Sciatica is a common condition that causes pain, numbness, or tingling that radiates from the lower back down the leg. It typically occurs when there is compression or irritation of sciatic nerve at lumbar level or during its course through the leg. The common causes are mostly: Herniated disc, spinal stenosis, degenerative disc disease, spondylolisthesis, piriformis muscle tightness or poor sitting posture, especially when someone sits on their wallet under hip.
Management of sciatica often includes combination of rest, physiotherapy, spinal support, gentle mobility exercises and dry needling. Physiotherapy is a highly effective treatment option for sciatica, as it can help improve flexibility, strength, and range of motion in the affected area. As the intensity of problem varies from case to case, physiotherapist will do a thorough assessment with you to develop a personalized treatment plan that may include exercises, manual therapy, and education on proper posture and body mechanics.

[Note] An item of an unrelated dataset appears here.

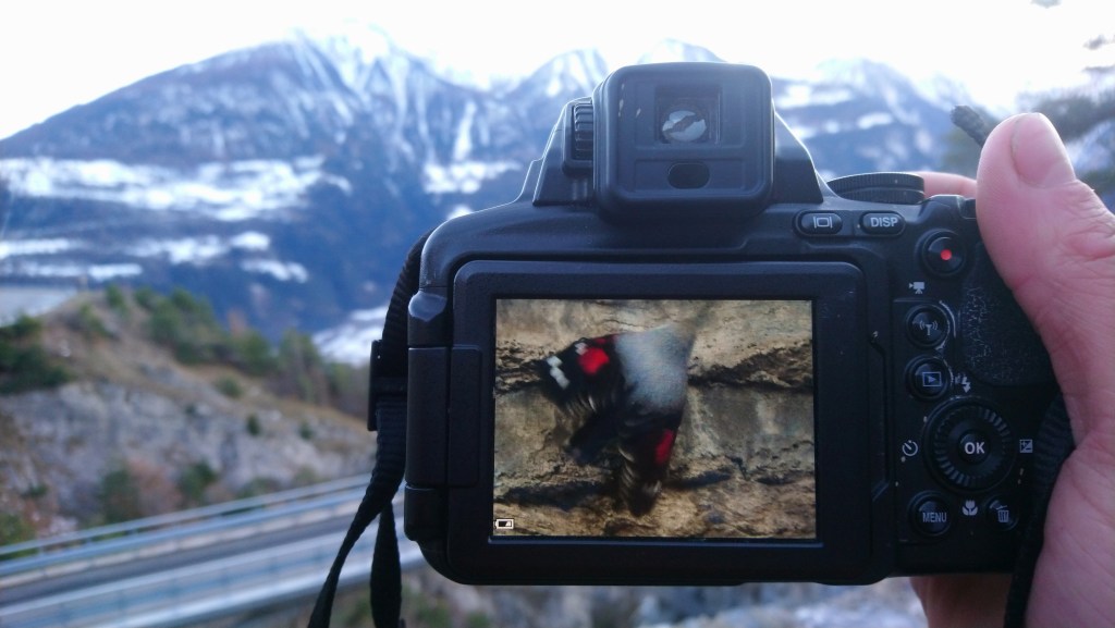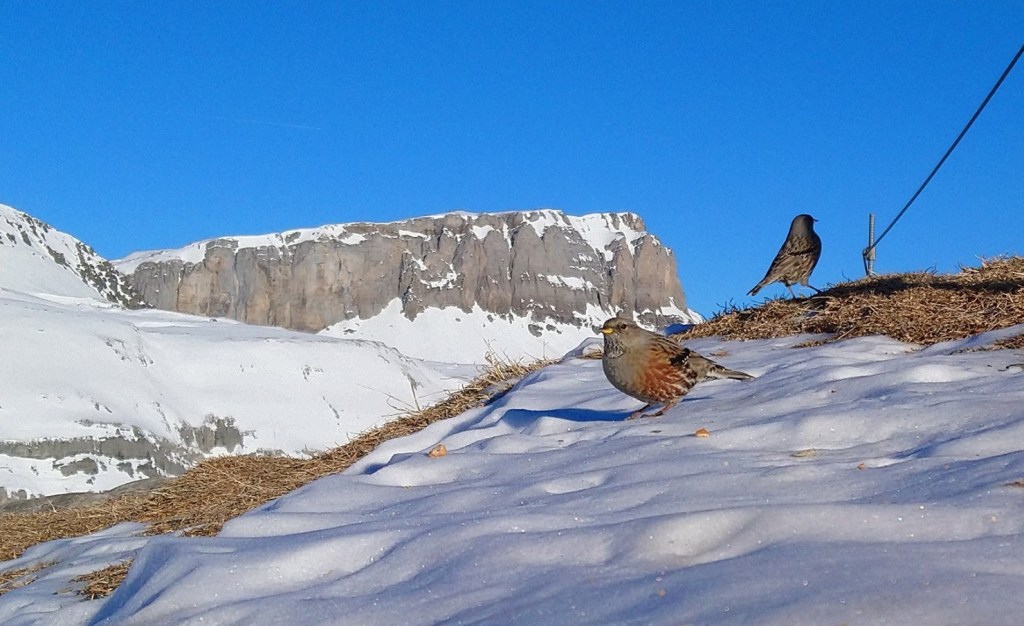 It was then onward to Switzerland, my belly full of pasta and fingers itching to exercise on the focussing wheel of my binoculars. Even Alpine species are not beyond the range of rail and bus birding, if you save a few spare francs for a ski-lift ticket. A couple hour’s travel out of Zürich and I was crashing through the snow of the Gemmi Pass, where Alpine Accentors descend upon any discarded crumbs. I took this photo with my phone.

Dry needling is also a very effective technique used by physiotherapists to target trigger points in the muscles that may be contributing to your pain. By inserting a thin needle into these trigger points, the therapist can help release tension and improve blood flow to the area, promoting healing and reducing pain.
If you are experiencing low back pain or radiating leg pain, it is important to seek treatment from a qualified physiotherapist near you. They can create a treatment plan to help you recover and get back to your daily activities. Don’t let sciatica hold you back – contact a physiotherapist today to start feeling better.

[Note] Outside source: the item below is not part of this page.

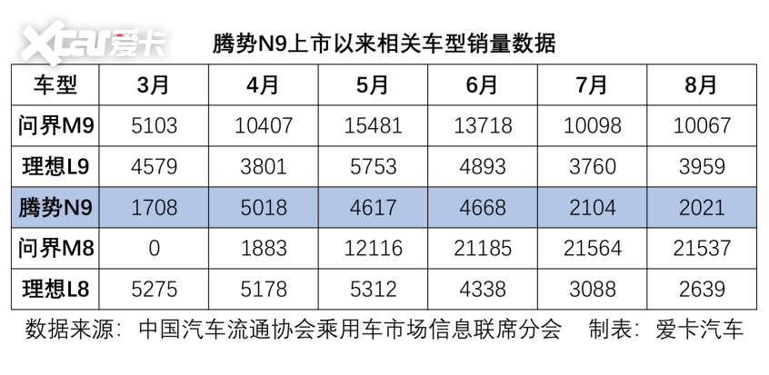 据中国汽车流转协会乘用车商场信息联席分会的多个方面数据显现,在随后的5月份,腾势N9的销量微降至4617辆,6月小幅回调至4668辆,虽比不上问界 M9、M8“月销过万” 的迸发节奏,但和抱负L9、L8能够等量齐观。来到下半年除了问界M8,刚刚提及的车型销量都有所下滑。其间腾势N9的7、8月销量为2104辆、2021量,环比下滑超50%。
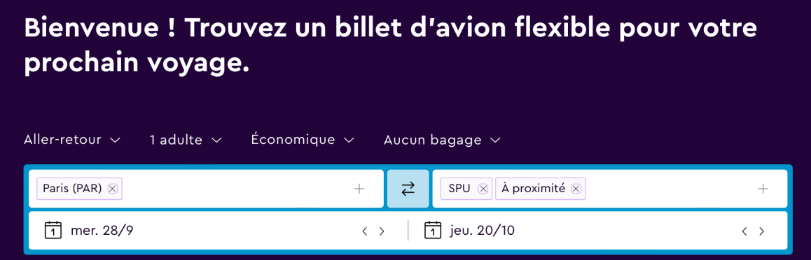 Une variante, le lien qui vous mĂšne sur l’interface « oĂč voulez-vous aller ? »

Exercises can be an effective way to help manage and alleviate the symptoms of sciatica. Here are top 5 exercises for sciatica pain:
- Piriformis Stretch: Sit on a chair with your feet flat on the floor. Cross your affected leg over the other knee and gently lean forward to stretch the piriformis muscle, which can help relieve pressure on the sciatic nerve.

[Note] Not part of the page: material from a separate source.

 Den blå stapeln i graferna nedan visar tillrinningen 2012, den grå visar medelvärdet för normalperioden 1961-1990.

- Hamstring Stretch: Lie on your back with one leg extended and the other bent. Slowly straighten the bent leg using a towel wrapped around foot while keeping the other leg on the floor, stop as you feel stretch in the hamstrings. Gently work on improving the range of motion. Hold for 30 seconds and repeat 3-4 times.
- Pelvic Tilt: Lie on your back with your knees bent and feet flat on the floor. Tighten your abdominal muscles and press your lower back into the floor, holding for a 5-6 seconds without holding breath and then release.
- Knee to chest stretch: Hold one leg around knee and bring it to your chest. Hold it for 20 seconds and then repeat on other side. Initially keep the other leg bent.
- Core Strengthening: Exercises like bridges, cat and camel exercise and abdominal isometrics can help strengthen the core muscles, which can provide support for the lower back and reduce the load on intervertebral space during movements.
It is important to consult with a physiotherapist or healthcare provider before starting any new exercise program, especially if you are experiencing severe symptoms. They can provide guidance on the best exercises for your specific condition and make sure that you are doing them correctly.